## Exercise directions:
Write the data below out exactly as it stands. Do not include the pictures.

Input material Start Marker

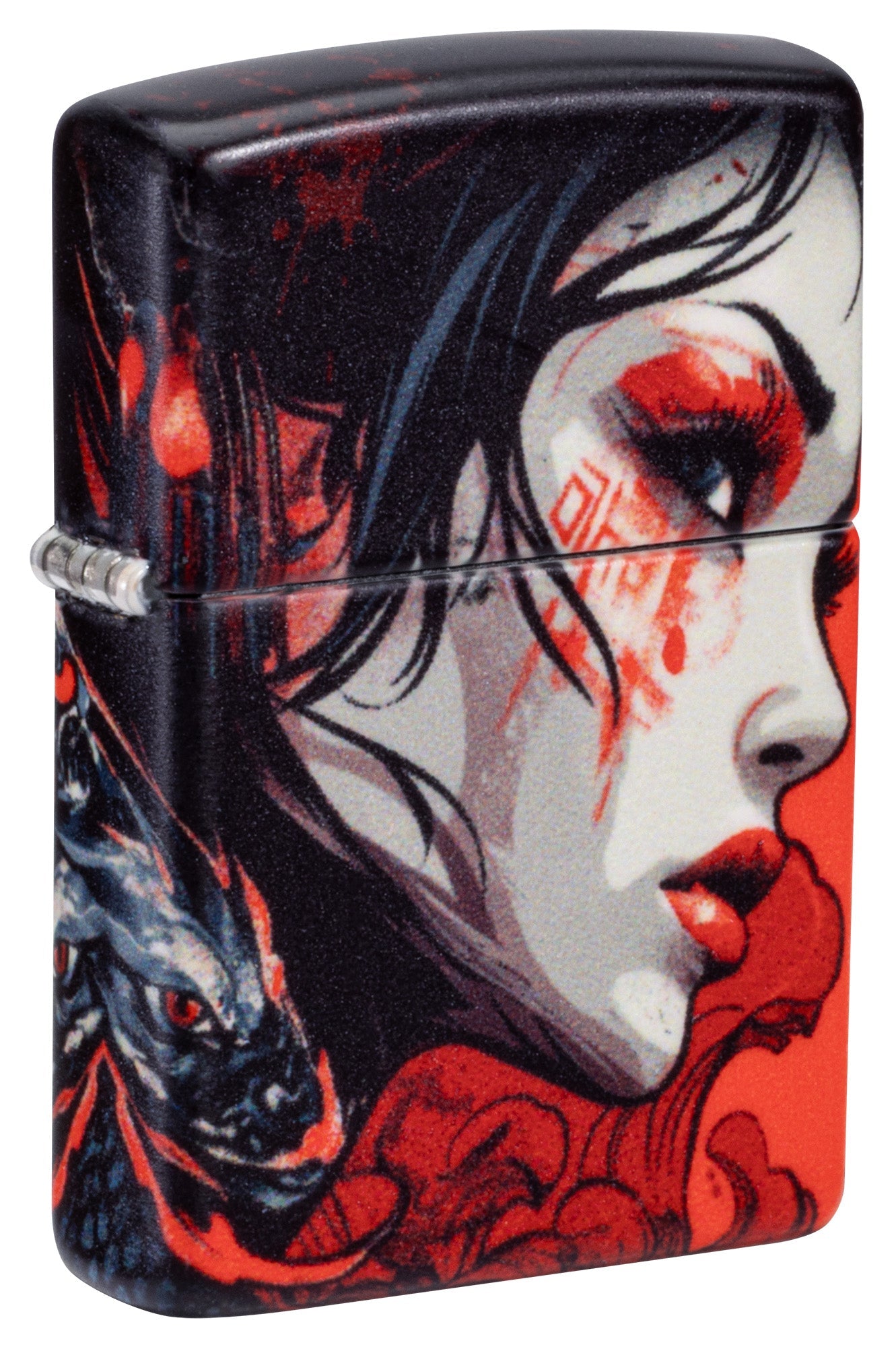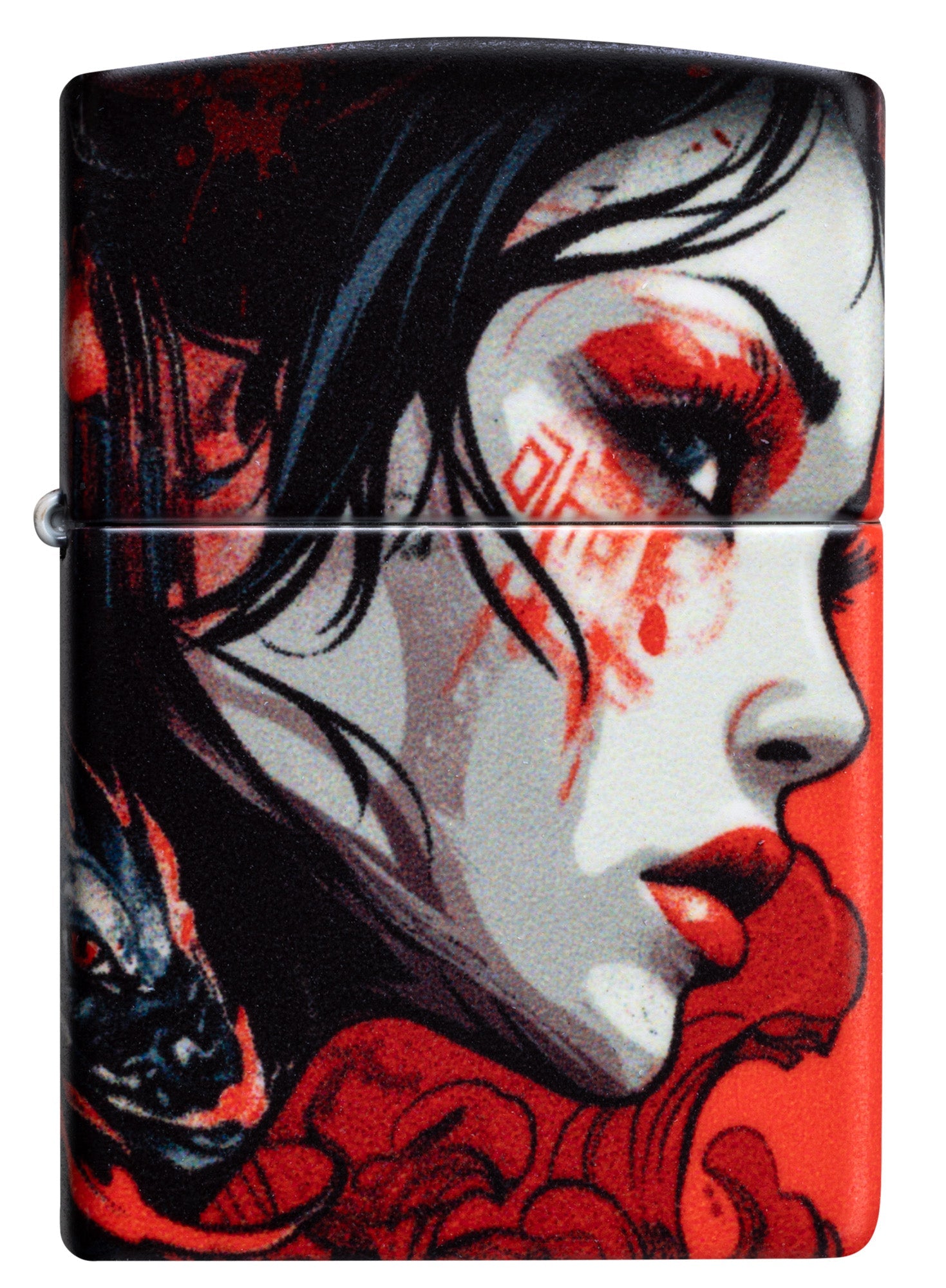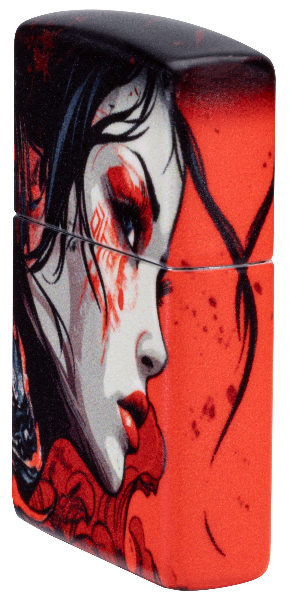 In feudal Japan, fierce female warriors trained both for battle and to defend their homes and land. This classic 540° Color lighter features a brave samurai in a vibrant, abstract design that extends around all sides of the piece.
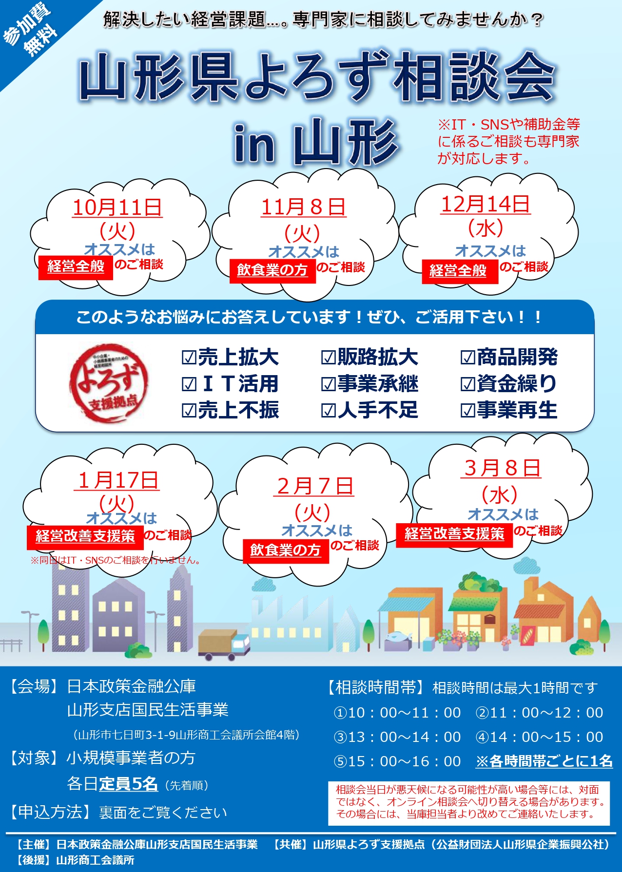 日本政策金融公庫県内各支店主催、当拠点が共催で開催しております、山形県よろず相談会のお知らせです。
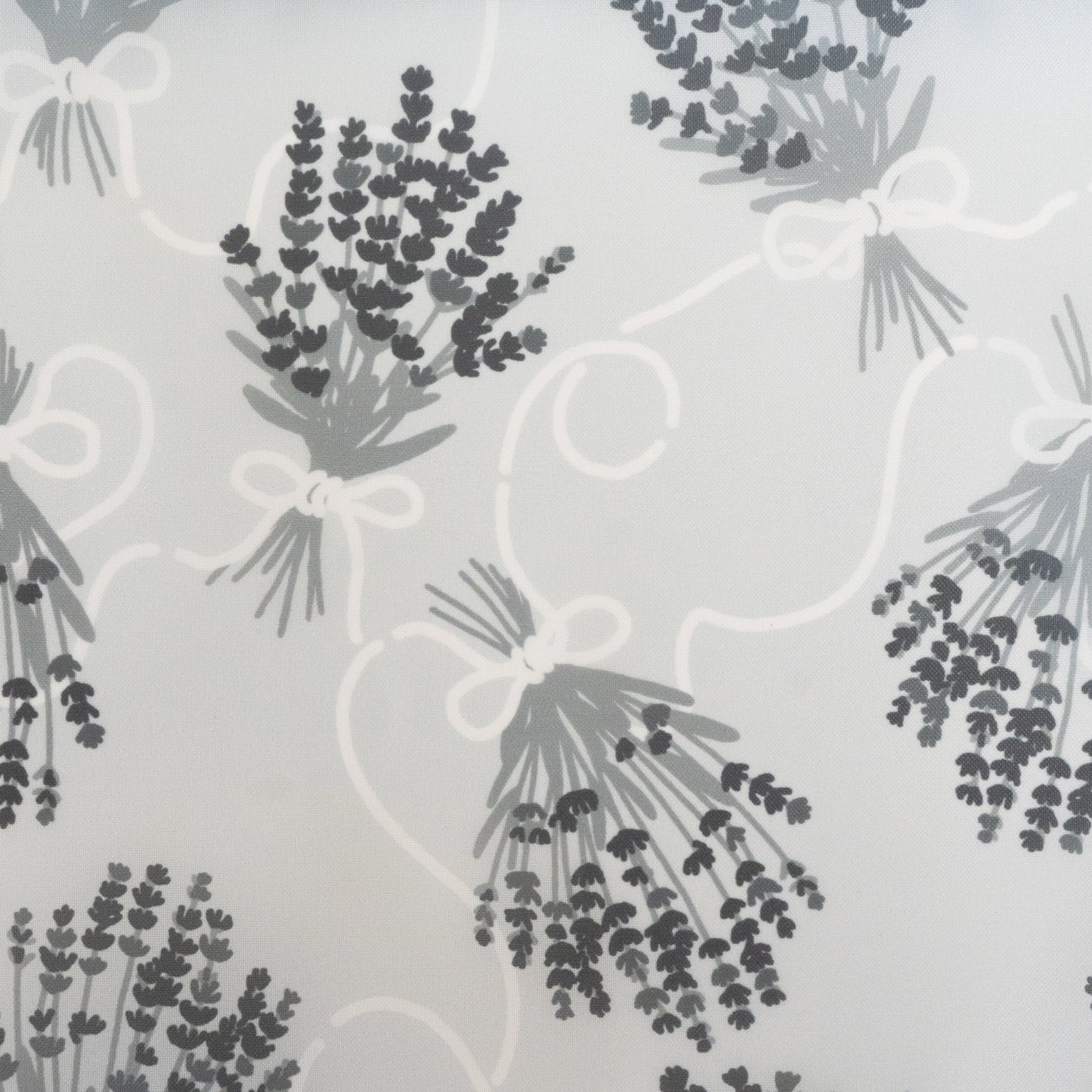 The interior design features an illustrated pattern with a lavender bouquet motif.
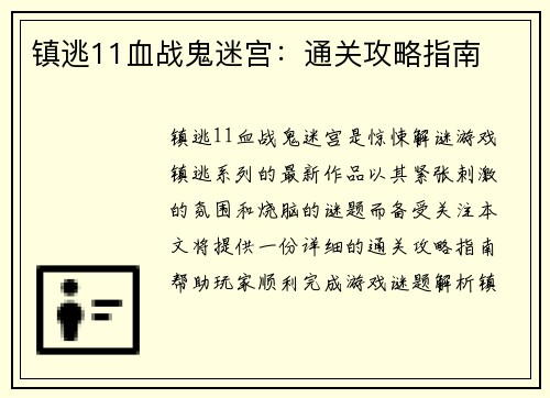 《镇逃11血战鬼迷宫》是惊悚解谜游戏《镇逃》系列的最新作品,以其紧张刺激的氛围和烧脑的谜题而备受关注。本文将提供一份详细的通关攻略指南,帮助玩家顺利完成游戏。
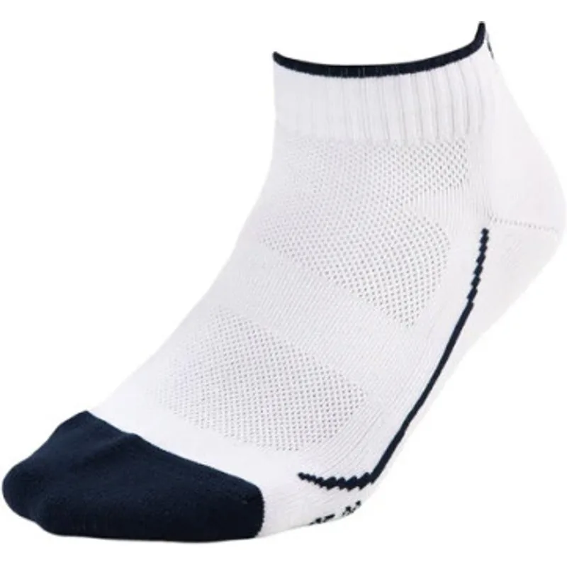 Sjeng Sports Kea Sport Sokken Dames Wit/Donker Blauw De Sjeng Sports Kea Sport Sokken zijn vervaardigd van hoogwaardige materialen die zorgen voor een optimale combinatie van comfort en prestatie. De sokken bieden een zachte, gewatteerde voetbed om vermoeidheid te verminderen en schokken te absorberen tijdens intensieve bewegingen. Daarnaast zorgt het ademende materiaal voor een goede ventilatie. Het ergonomische ontwerp van de Kea Sport Sokken zorgt voor een nauwsluitende pasvorm die perfect aansluit op je voeten, zonder te knellen of af te zakken. Dit biedt maximale ondersteuning en voorkomt wrijving en blaren, zelfs tijdens langdurige activiteiten. Pluspunten: + Dankzij een behandeling met Polygiene blijven ze lang fris ruiken. + Een combinatie van wit met donkerblauwe hielstukken, tenen en strepen langs de voet en langs de enkelboord
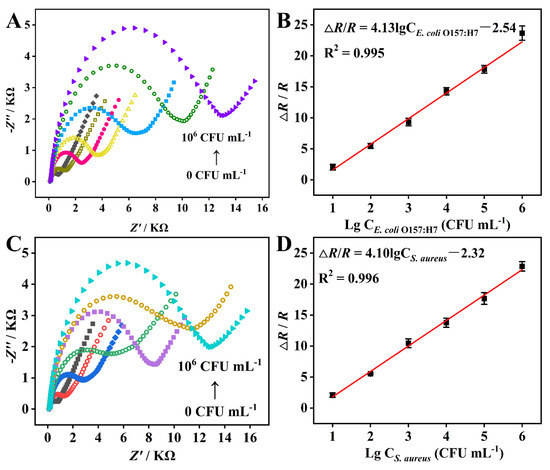 (A,C) EIS Nyquist plots and (B,D) corresponding calibration curves obtained from the DBIP sensor for the separate quantitative detection of E. coli O157:H7 and S. aureus over a range of concentrations from 0 to 106 CFU mL−1.
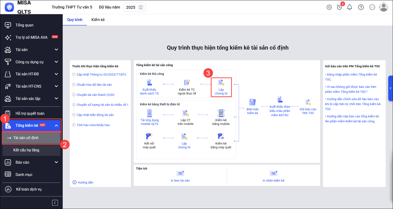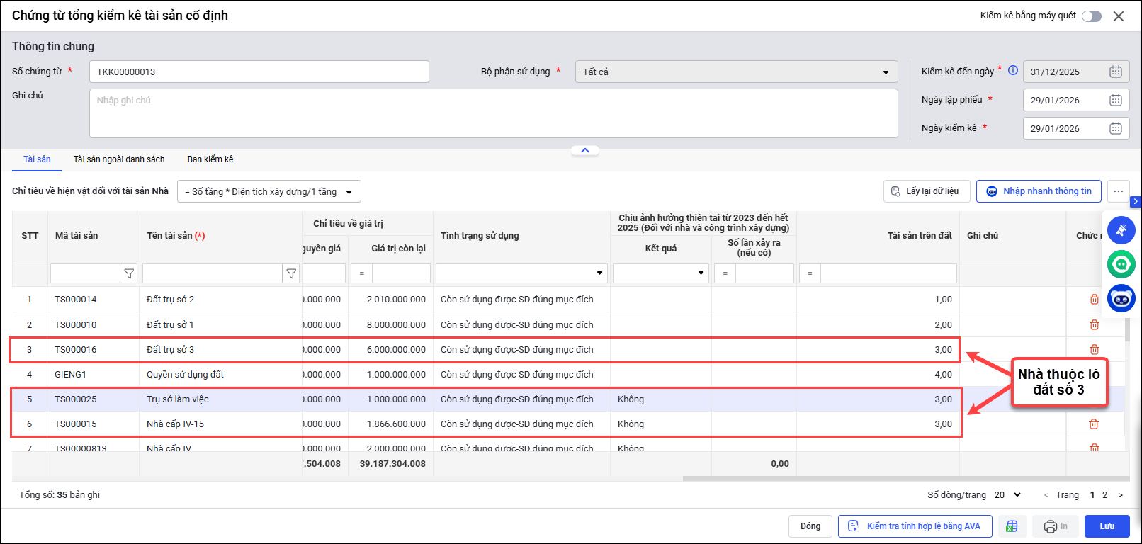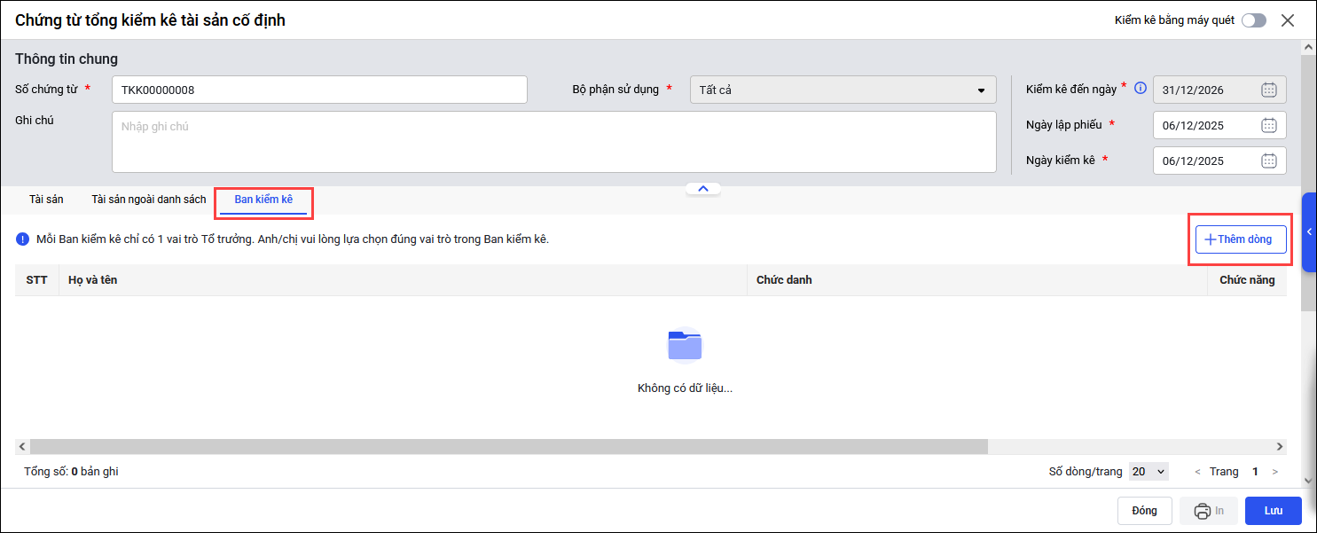 - Bước 2: Lập chứng từ tổng kiểm kê TSC
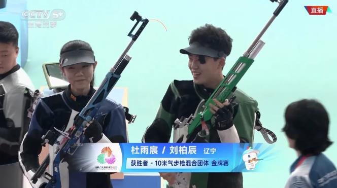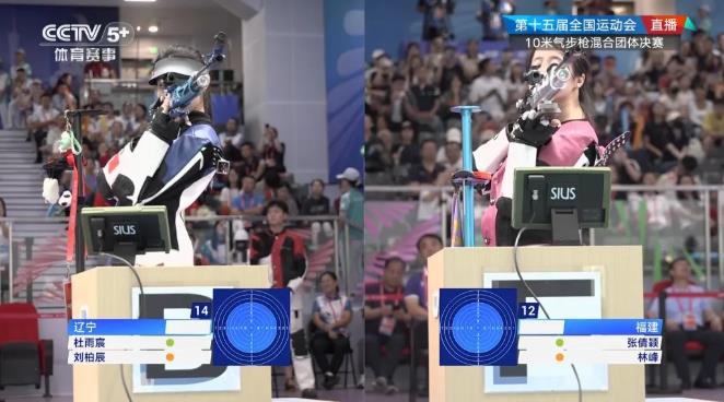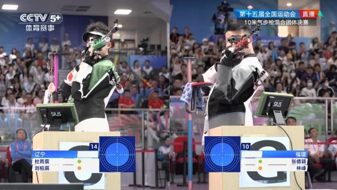 决赛阶段,辽宁一队杜雨宸、刘柏辰和福建一队张倩颖、林峰展开巅峰对决,辽宁一队以6比0开局,福建队紧追不舍,并在10比14的情况下挽救一个赛点,经过激烈争夺,辽宁一队以16比12击败对手摘得第十五届全国运动会射击比赛首金。

Input material End Marker

## Result:
 In feudal Japan, fierce female warriors trained both for battle and to defend their homes and land. This classic 540° Color lighter features a brave samurai in a vibrant, abstract design that extends around all sides of the piece.
 日本政策金融公庫県内各支店主催、当拠点が共催で開催しております、山形県よろず相談会のお知らせです。
 The interior design features an illustrated pattern with a lavender bouquet motif.
 《镇逃11血战鬼迷宫》是惊悚解谜游戏《镇逃》系列的最新作品,以其紧张刺激的氛围和烧脑的谜题而备受关注。本文将提供一份详细的通关攻略指南,帮助玩家顺利完成游戏。
 Sjeng Sports Kea Sport Sokken Dames Wit/Donker Blauw De Sjeng Sports Kea Sport Sokken zijn vervaardigd van hoogwaardige materialen die zorgen voor een optimale combinatie van comfort en prestatie. De sokken bieden een zachte, gewatteerde voetbed om vermoeidheid te verminderen en schokken te absorberen tijdens intensieve bewegingen. Daarnaast zorgt het ademende materiaal voor een goede ventilatie. Het ergonomische ontwerp van de Kea Sport Sokken zorgt voor een nauwsluitende pasvorm die perfect aansluit op je voeten, zonder te knellen of af te zakken. Dit biedt maximale ondersteuning en voorkomt wrijving en blaren, zelfs tijdens langdurige activiteiten. Pluspunten: + Dankzij een behandeling met Polygiene blijven ze lang fris ruiken. + Een combinatie van wit met donkerblauwe hielstukken, tenen en strepen langs de voet en langs de enkelboord
 (A,C) EIS Nyquist plots and (B,D) corresponding calibration curves obtained from the DBIP sensor for the separate quantitative detection of E. coli O157:H7 and S. aureus over a range of concentrations from 0 to 106 CFU mL−1.
 - Bước 2: Lập chứng từ tổng kiểm kê TSC
 决赛阶段,辽宁一队杜雨宸、刘柏辰和福建一队张倩颖、林峰展开巅峰对决,辽宁一队以6比0开局,福建队紧追不舍,并在10比14的情况下挽救一个赛点,经过激烈争夺,辽宁一队以16比12击败对手摘得第十五届全国运动会射击比赛首金。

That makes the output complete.